Арон остановился. Его лицо стало серьезным, глаза необычно погрустнели.
— Кое-что я слышал, — печально ответил он. — Покупатели в нашем магазине иногда говорят о Брук, но дело не в ее положении. Они считают, что она слишком сумасбродна, что отец не занимается ее воспитанием и дает слишком много свободы. Одни считают, что он должен держать ее под замком, другие — что без матери ее некому контролировать. — Он покачал головой. — Никто не говорил, что отец не может ее содержать, но когда упоминают ее имя, я тревожусь.

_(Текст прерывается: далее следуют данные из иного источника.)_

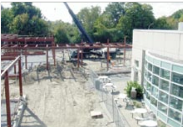
Birthing and Newborn Centre at Rouge Valley Centenary
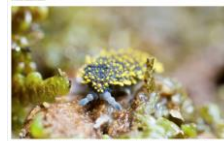
a genus of giant springtails that lives in the soil.

Soil estimated to be home to 90% of world's fungi, 25% of plants and more than 90% of bacteria, making it the world's most species-rich habitat
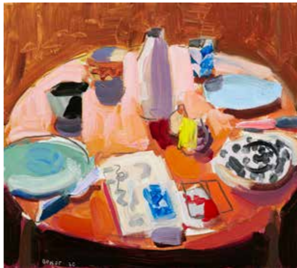
Two blue plates 2020 oil on board 27 x 30 cm
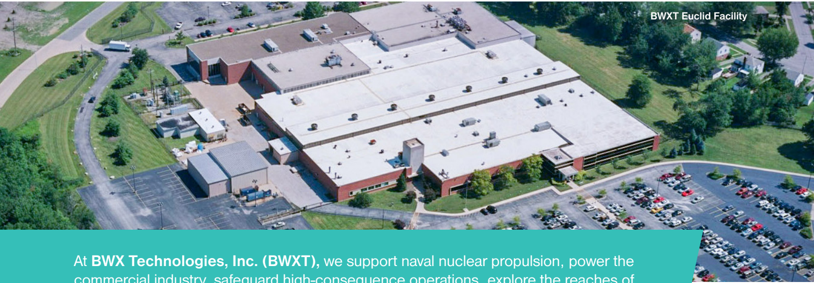
BWXT Euclid Facility

At BWXT Technologies, Inc. (BWXT) , we support naval nuclear propulsion, power the commercial industry, safeguard high-consequence operations, explore the reaches of space and develop life-saving technologies. We are People Strong, Innovation Driven.
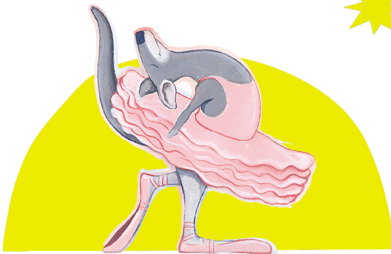
Illustration by Bruce Whatley

“Josephine Wants to Dance brings the story of a stage-struck macropod to life with enormous charm and sly wit.”
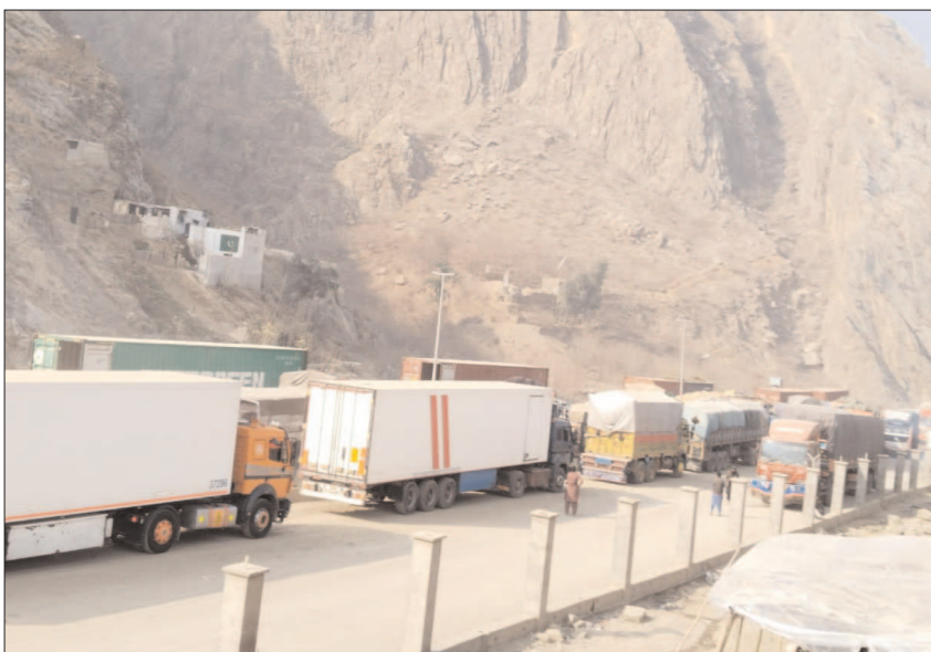
LANDI KOTAL: Export and import loaded trucks start crossing the border, after suspension of 10 days.
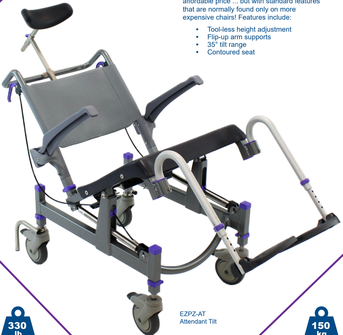
EZPZ-AT Attendant Tilt
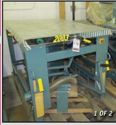
NORSAW MAXICUT 1500 TABLE SAW
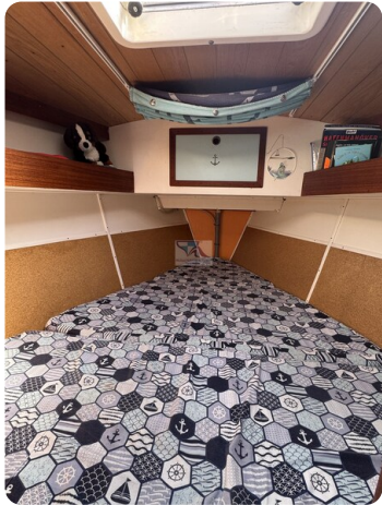
Phantom 35 TOWANDA 70
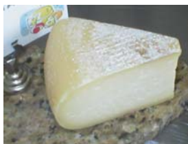
Carmody looks beautiful and tastes better.
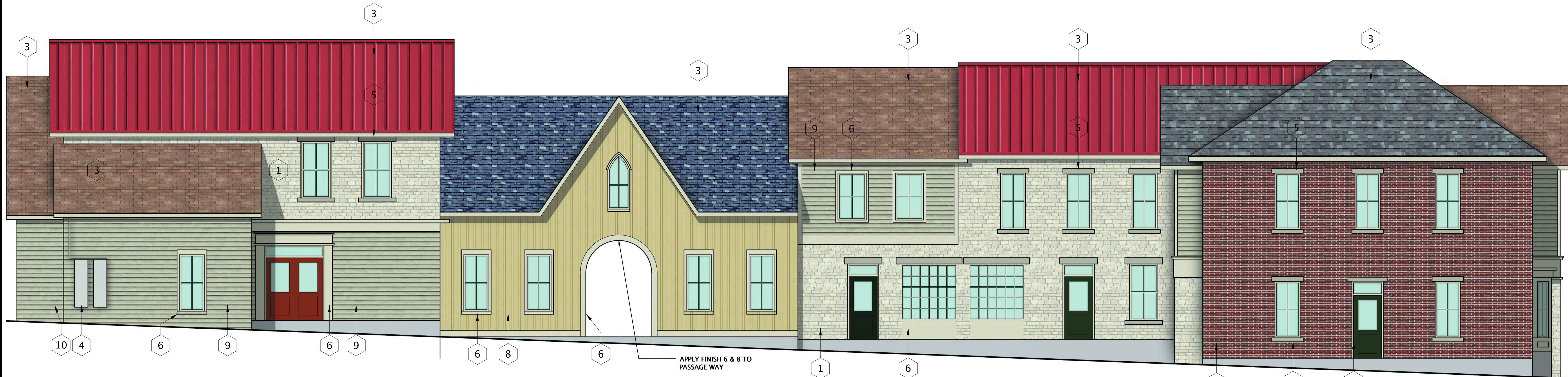
2 NORTH ELEVATION Scale: 3/16" = 1'-0"
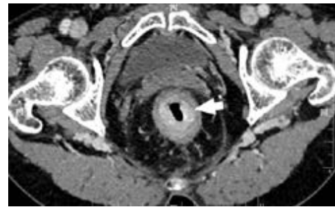
Figure 7 Computed tomography scan of 59-year-old woman with signet-ring cell carcinoma of the rectum.

Notes: Computed tomography scan shows large mass with heterogeneous enhancement. Hypoattenuated area is greater than two thirds of tumor, and enhancement in solid portion of tumor is less than that of normal bowel wall (arrow).
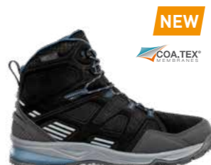
67.672.0 LOFOTEN 2.0 BLACK CTX MID Sizes: 40 - 46
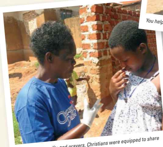
Thanks to your gifts and prayers, Christians were equipped to share the Good News of Jesus Christ with Ugandans.

Because of you, the Great Commission is being fulfilled across Rwanda and beyond – and lives are being changed forever. Thank you for your partnership in the Gospel to open new opportunities!
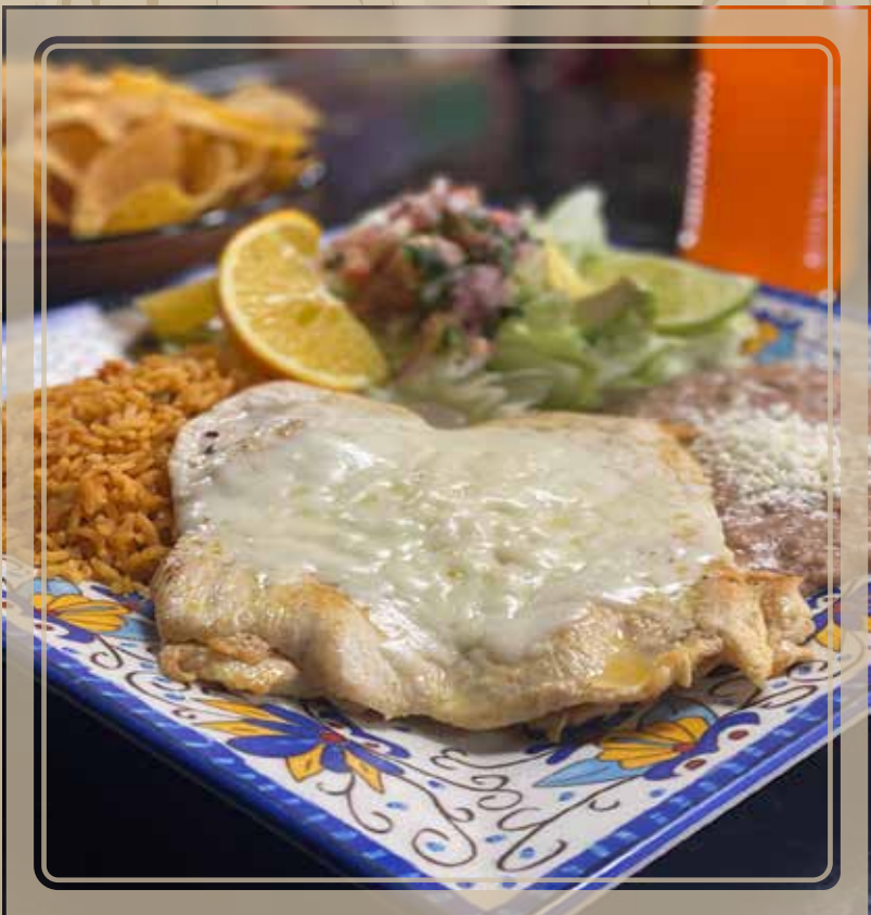
#31. Pechuga Suiza

Я боюсь, что однажды их жалобы могут превратиться в кое-что похуже. — Он посмотрел мне в глаза. — В нечто гораздо более опасное.
Мы оба знали, о чем идет речь, и когда я взяла его за руку, у меня перехватило дыхание. Я хотела сказать, что это невозможно — невозможно представить Бруклин изменницей, и никто не посмеет обвинить ее в связи с повстанцами. Но я понимала, что ошибаюсь.
Я ошибалась не потому, что считала Бруклин революционеркой, а потому, что кто-нибудь действительно мог высказать подобное мнение. Иногда — а на самом деле гораздо чаще, чем мне бы хотелось признать, — награда за донос на соседа была достаточной, чтобы соблазнить предателя. А такой человек, как Брук, девушка без матери, с отцом, который не обращал на нее внимания, была легкой мишенью.
— Предупреди меня, если услышишь такие разговоры, — сказала я, не зная, что стала бы делать с этой информацией, но понимая, что не позволю ее арестовать. Не позволю поступить с ней так, как поступили с Чейен Гудвин.
— Конечно, предупрежу, — заверил меня Арон, и я видела, что он говорит правду. Взяв меня под руку, он тем самым напомнил, что остается моим другом. Что я могу ему доверять.
Успокоенная его присутствием, я положила голову ему на плечо.
— Сколько раз говорить, что это была случайность? Я не поняла, когда она перешла на термани. — Я устала оправдываться, но сколько бы раз я ни повторяла одни и те же слова, отец все равно был недоволен.
Он слишком волновался.
Он расхаживал по комнате, и хотя у него был целый день, чтобы прийти в себя после вчерашнего инцидента в ресторане, на его плечах до сих пор лежала тяжесть содеянного мной. Того, что я едва себя не выдала.
— Чарлина, ты не можешь позволить себе такие ошибки. Ты должна быть очень осторожна. Всегда. — Он прижал мозолистую ладонь к моей щеке, и я почувствовала жар его кожи. На лбу отца собрались морщины, брови сошлись на переносице. — Я за тебя беспокоюсь. Я беспокоюсь за всех нас.
— Знаю, — ответила я, упрямо не желая потакать любви моих родителей к паршону. Я предпочитала говорить на англезе. Только на нем. В этом случае не будет никакого взаимного непонимания, никаких ошибок. Хотелось бы мне, чтобы все думали так же, как я.
Он сел на диван в маленькой гостиной нашего дома. С этой уютной комнатой были связаны года воспоминаний. Я знала здесь каждый закуток, каждый камешек, каждую доску и темную щель.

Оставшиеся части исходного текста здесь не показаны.